Last week, OpenAI CEO Sam Altman appeared before a US Senate committee to talk about the risks and potential of AI language models. Altman, along with many senators, called for international standards for artificial intelligence. He also urged the US to regulate the technology and create a new agency similar to the Food and Drug Administration to regulate artificial intelligence.
For an AI policy nerd like myself, the Senate hearings were both exciting and frustrating. Encouragingly, the conversation seems to have shifted to promoting unscrupulous self-regulation and rules that can actually hold companies accountable. It’s frustrating because the debate seems to have forgotten the past five-plus years of AI policy. I just published a story looking at all the existing international efforts to regulate AI technology. You can read it here.
I’m not the only one who feels this way.
“To suggest that Congress is starting from scratch just plays into the industry’s favorite narrative, which is that Congress is so behind and doesn’t understand technology; how can they ever regulate us?’ said Anna Lenhart, a political scientist at George Washington University’s Institute for Data Democracy and Policy and a former Hill staffer.
In fact, politicians in the last Congress, which ran from January 2021 to January 2023, introduced a ton of legislation around artificial intelligence.

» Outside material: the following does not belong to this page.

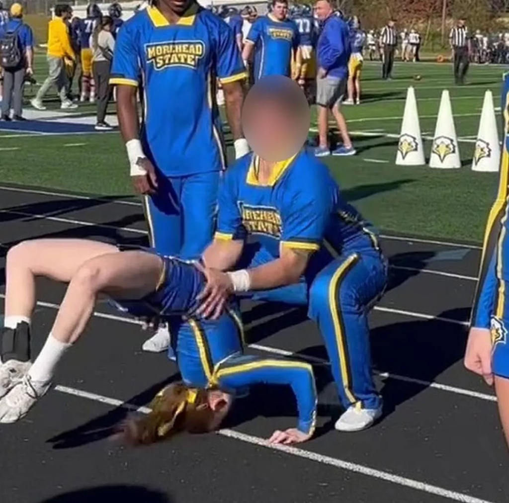 Corey Martens, 29, had stepped in at the last minute to perform in the halftime show during the American football game for Morehead State University when the stomach-turning incident happened November 2, 2024. The video shows her teammate perfectly executing the ‘back handspring up’ seconds before she makes her own attempt.

Lenhart has put together this neat list of all the AI regulations that have been proposed during that time. These include everything from risk assessment to transparency and data protection. None of them have made it to the president’s desk, but given that the vibrant (or, to many, terrifying) new generation AI tools have captured Washington’s attention, Lenhart expects some of them to be revisited and resurface in one form or another.
Here are a few to keep an eye on.
Algorithmic Accountability Act
This bill was introduced by Democrats in the US House and Senate in 2022, before ChatGPT, to address the tangible harms of automated decision-making systems, such as people being denied pain medication or having their mortgage applications denied.